Supplied information below:
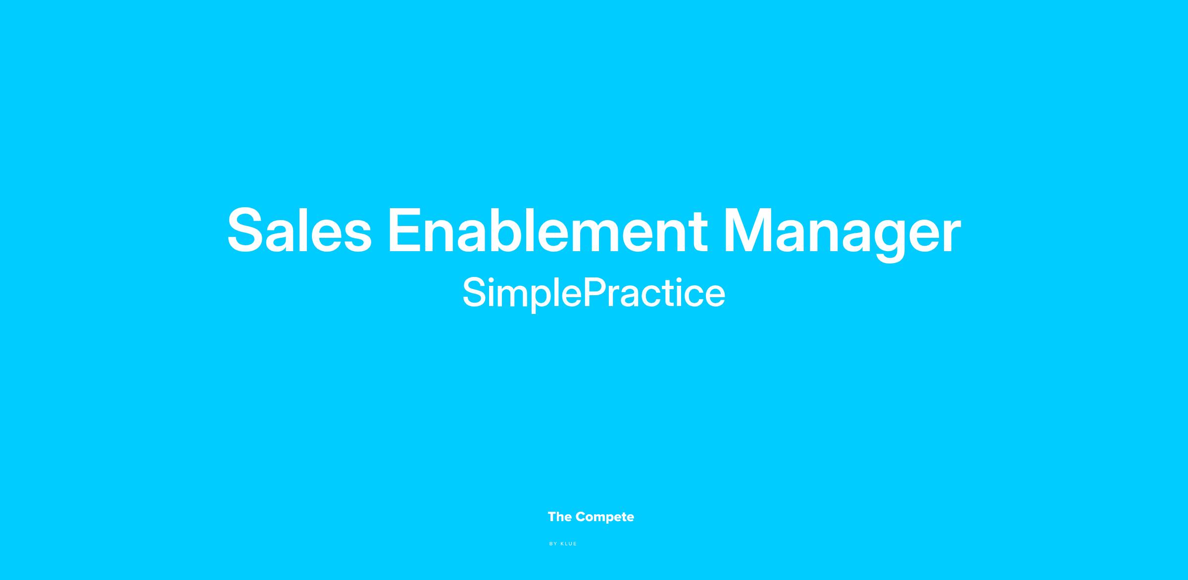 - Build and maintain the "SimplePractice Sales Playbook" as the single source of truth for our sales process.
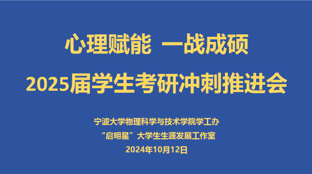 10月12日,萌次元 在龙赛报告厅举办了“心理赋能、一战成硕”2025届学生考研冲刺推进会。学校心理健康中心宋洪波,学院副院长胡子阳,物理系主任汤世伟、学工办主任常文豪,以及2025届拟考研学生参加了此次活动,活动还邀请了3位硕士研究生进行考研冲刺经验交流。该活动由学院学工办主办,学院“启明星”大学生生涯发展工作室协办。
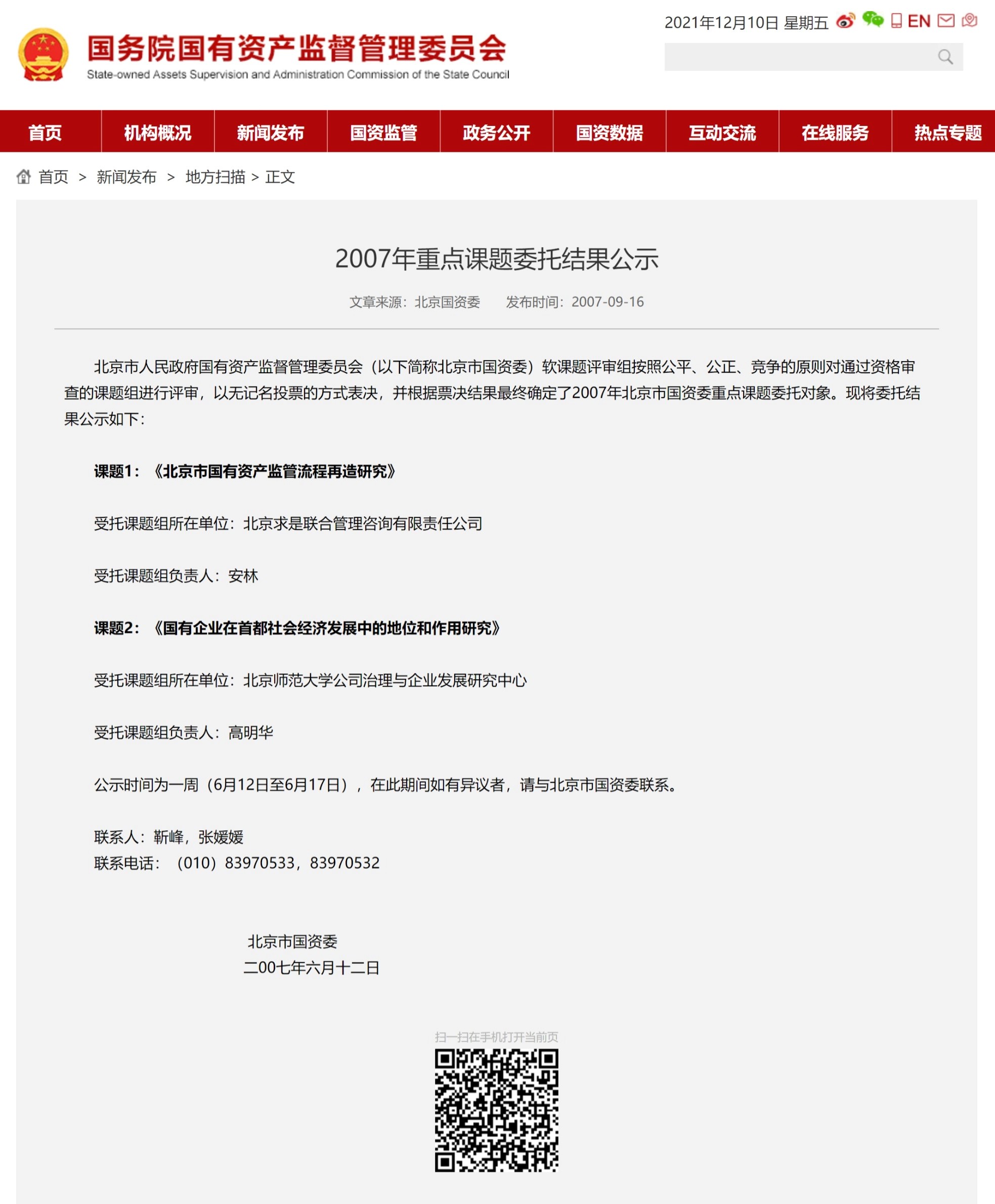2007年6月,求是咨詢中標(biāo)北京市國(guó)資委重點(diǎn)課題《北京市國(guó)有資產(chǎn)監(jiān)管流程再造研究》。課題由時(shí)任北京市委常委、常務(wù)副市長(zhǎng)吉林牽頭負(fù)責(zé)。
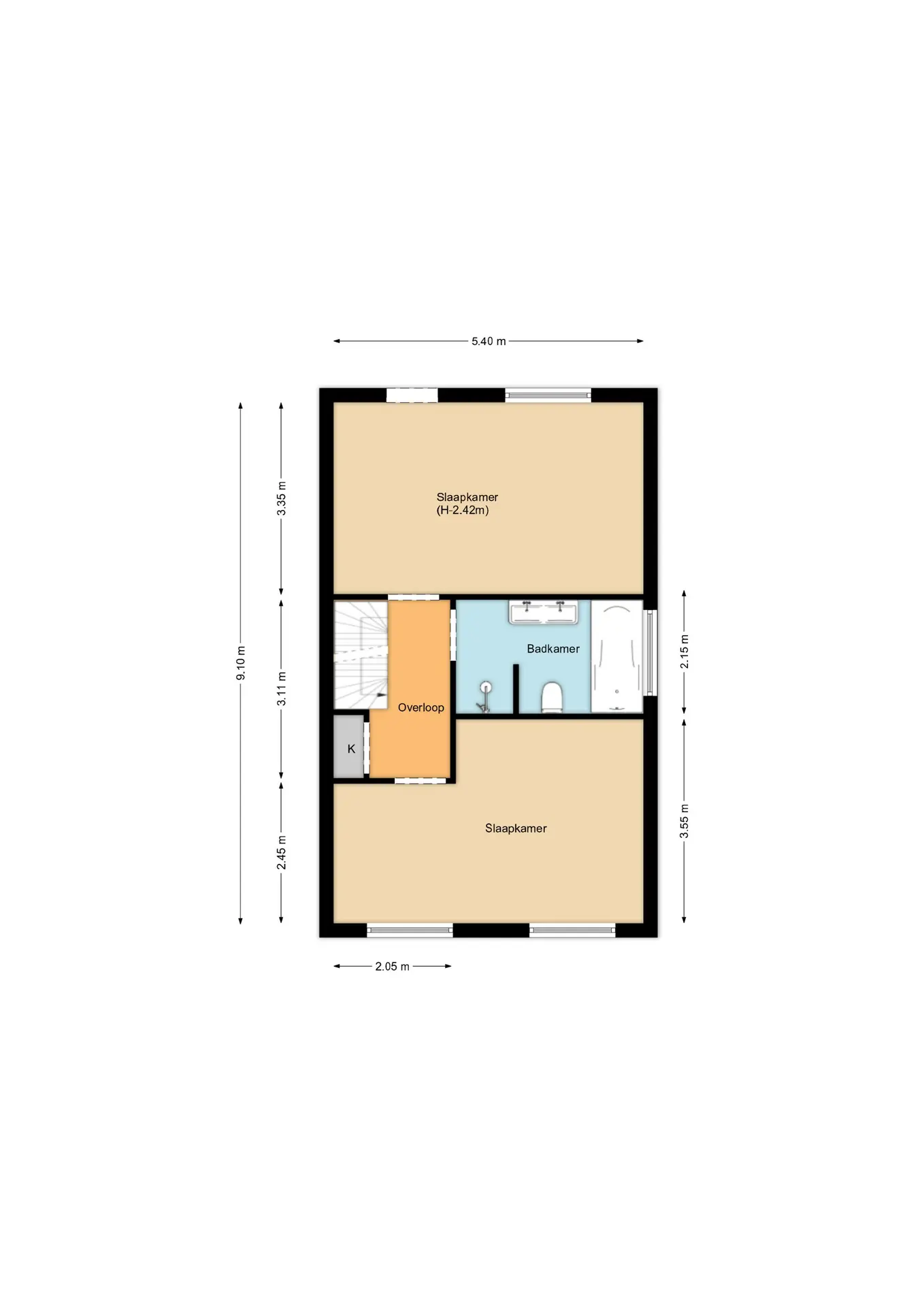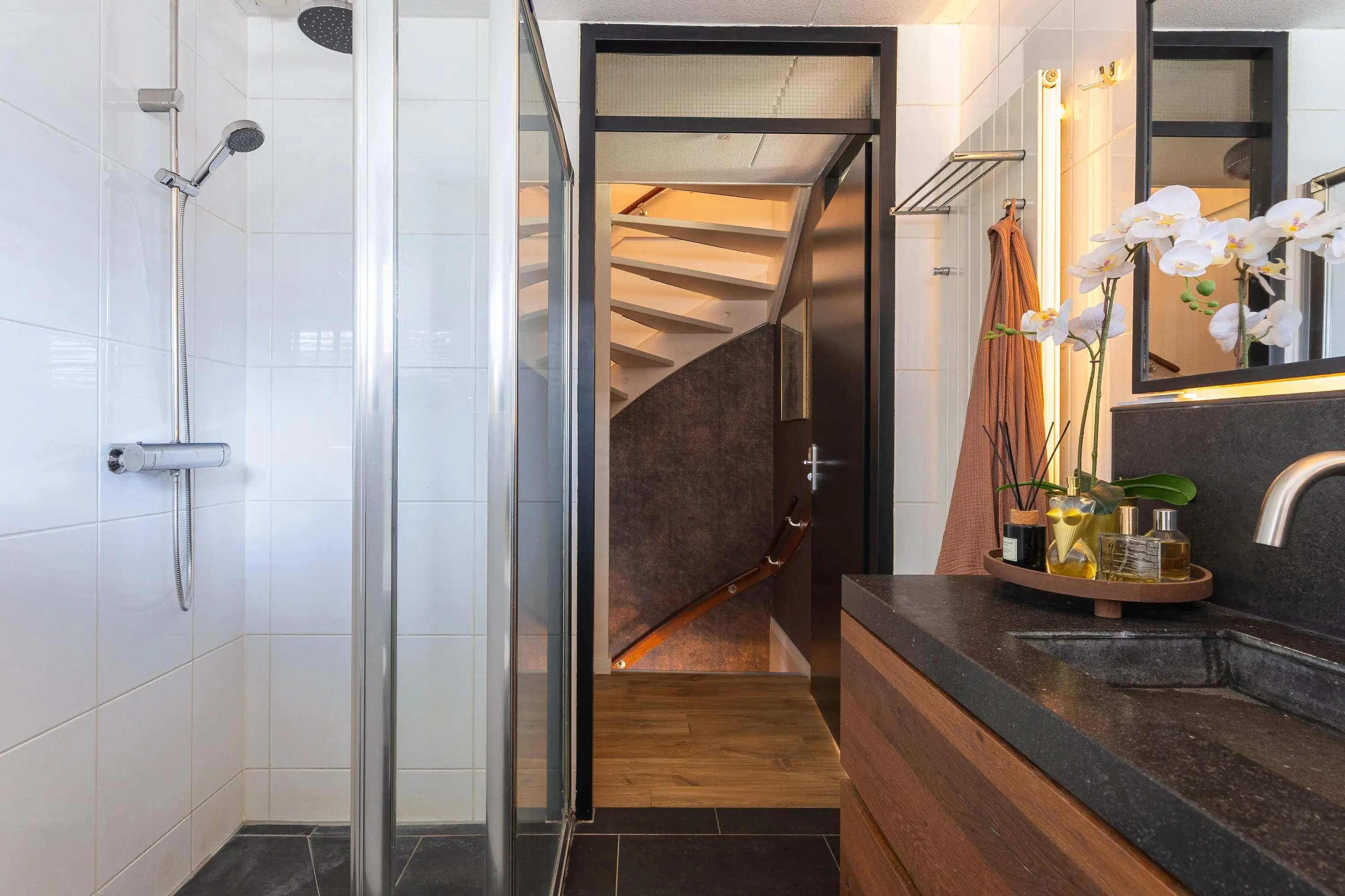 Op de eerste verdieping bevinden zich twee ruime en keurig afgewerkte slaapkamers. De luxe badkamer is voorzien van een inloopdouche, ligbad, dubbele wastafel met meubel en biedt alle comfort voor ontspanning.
End of Supplied information.
§ **Description of the task**:
The needed output is the lines from the one with "10月12日,萌次元 在龙赛" through the end of the listing, written out exactly, both ends included, pictures excluded.

§ **Your response**:
 10月12日,萌次元 在龙赛报告厅举办了“心理赋能、一战成硕”2025届学生考研冲刺推进会。学校心理健康中心宋洪波,学院副院长胡子阳,物理系主任汤世伟、学工办主任常文豪,以及2025届拟考研学生参加了此次活动,活动还邀请了3位硕士研究生进行考研冲刺经验交流。该活动由学院学工办主办,学院“启明星”大学生生涯发展工作室协办。
2007年6月,求是咨詢中標(biāo)北京市國(guó)資委重點(diǎn)課題《北京市國(guó)有資產(chǎn)監(jiān)管流程再造研究》。課題由時(shí)任北京市委常委、常務(wù)副市長(zhǎng)吉林牽頭負(fù)責(zé)。
 Op de eerste verdieping bevinden zich twee ruime en keurig afgewerkte slaapkamers. De luxe badkamer is voorzien van een inloopdouche, ligbad, dubbele wastafel met meubel en biedt alle comfort voor ontspanning.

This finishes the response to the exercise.